改进的TF-IDF关键词提取方法
Improved TF-IDF Keyword Extraction Algorithm
摘要:
在TF-IDF算法基础上,提出新的基于词频统计的关键词提取方法。利用段落标注技术,对处于不同位置的词语给予不同的位置权重,对分词结果中词频较高的同词性词语进行词语相似度计算,合并相似度较高的词语,通过词语逆频率TF-IWF算法,按权值排序得到关键词。这种改进算法解决了传统中文关键词提取方法中对相似度高的词的不重视而导致关键词提取精度不高的问题。实验结果表明,改进的算法结果在准确率和召回率上较原有的TF-IDF算法上都得到较好的提升,使得提取的关键词集合能较好体现文本内容。
Abstract: According to the TF-IDF extract algorithm, this paper proposes a new extraction algorithm based on the words frequency statistics. Combining with sections mark technology, this algorithm assigns corresponding position weight to the words located in different position and calculates the words similarities with the same parts of speech which have a high counter in the result of the word segmentation, then merge the words with a higher similarity, finally we get the keyword sorted by the weight via the TF-IWF algorithm.
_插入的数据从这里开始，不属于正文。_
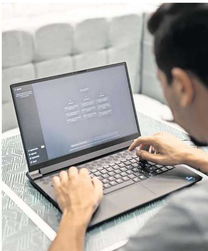
ChatGPT gehört zu den am schnellsten wachsenden Internetanwendungen aller Zeiten.

Zugleich zeigte sich Brantner optimistisch, vielen der Sorgen angesichts künstlicher Intelligenz begegnen zu können. Das gilt auch für den Arbeitsmarkt: Im Moment ringe Deutschland vor allem mit einem Arbeitskräftemangel, Roboter und KI-Lösungen könnten da Abhilfe bieten. Auch betonte sie, dass Automatisierung etwa in der Industrie nichts Neues sei – ohne Robotereinsatz könnten viele Unternehmen ohnehin nicht im vergleichsweise teuren Deutschland produzieren. „Insofern kann KI sogar dabei helfen, Standorte und damit Arbeitsplätze zu sichern.“
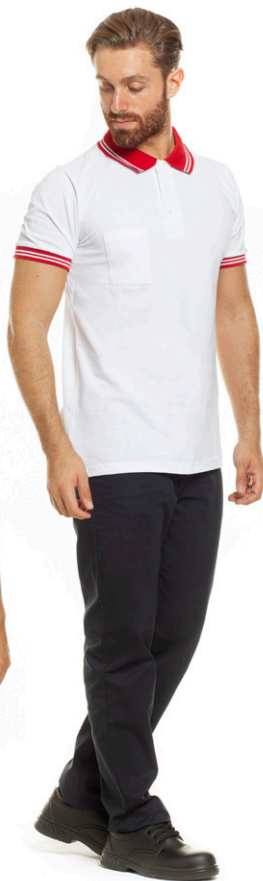
1105 - ● Rosso
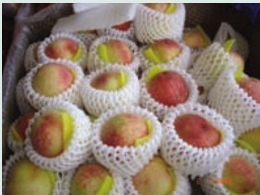
西寶農場場員種植碩大甜美的水蜜桃

20年的場員生活，稍縱即逝，回憶栽種水蜜桃的日子，全盛時期西寶地區種植面積超過百公頃。近年因為入山開
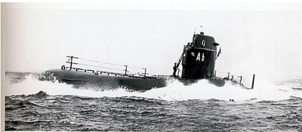
Vad gör man inte för en bra bild?
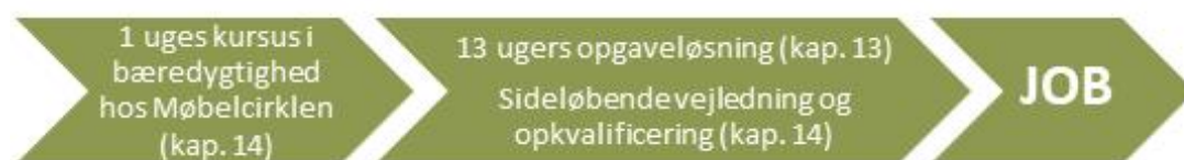
Figur 1. Overblik over "Videre i job"-forløbet

De arbejdsopgaver, som borgerne i "Videre i job" skal varetage, må ikke være arbejdsopgaver, arbejdspladsen har budgetteret med. Det vil sige, at arbejdsopgaverne er opgaver, der ellers ikke ville være blevet udført. Dette skal ses i forhold til, at projektet ikke må fortrænge ordinært ansatte eller virke konkurrenceforvridende. Opgaveløsningen kan som udgangspunkt derfor ikke foregå på opgaveområder, der tidligere har været udført som ordinært arbejde.
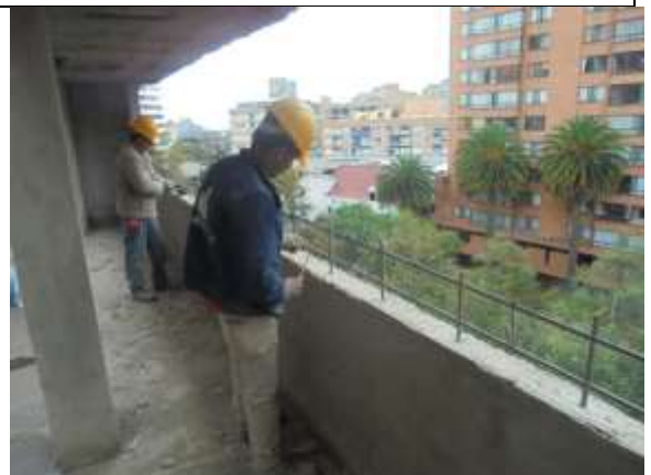
Fotografía 50. Amarre hierro vigas cintas piso 7
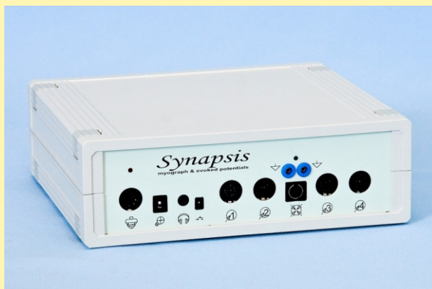
Система психофизиологического тренинга методом биологической обратной связи «Кинезис»

Комплексная система биологической обратной связи - это современная система психофизиологического тренинга и коррекции разнообразных функциональных расстройств при широком спектре заболеваний нервной, опорно-двигательной и сердечно-сосудистой систем организма, а также при психоэмоциональных расстройствах. Коррекция расстройств внимания и сна, устранение страхов, фобий, неврозов. Выработка навыков стрессоустойчивости. Реабилитация парезов, последствий инсульта или инфаркта.

This method optimized the traditional Chinese keyword extract algorithm, which take little notice of the higher similarity words, and lead to low-accuracy. The results show the new approach has better algorithm performance compared with the previous TF-IDF algorithm and the keywords set extracted can generally express the content of the article.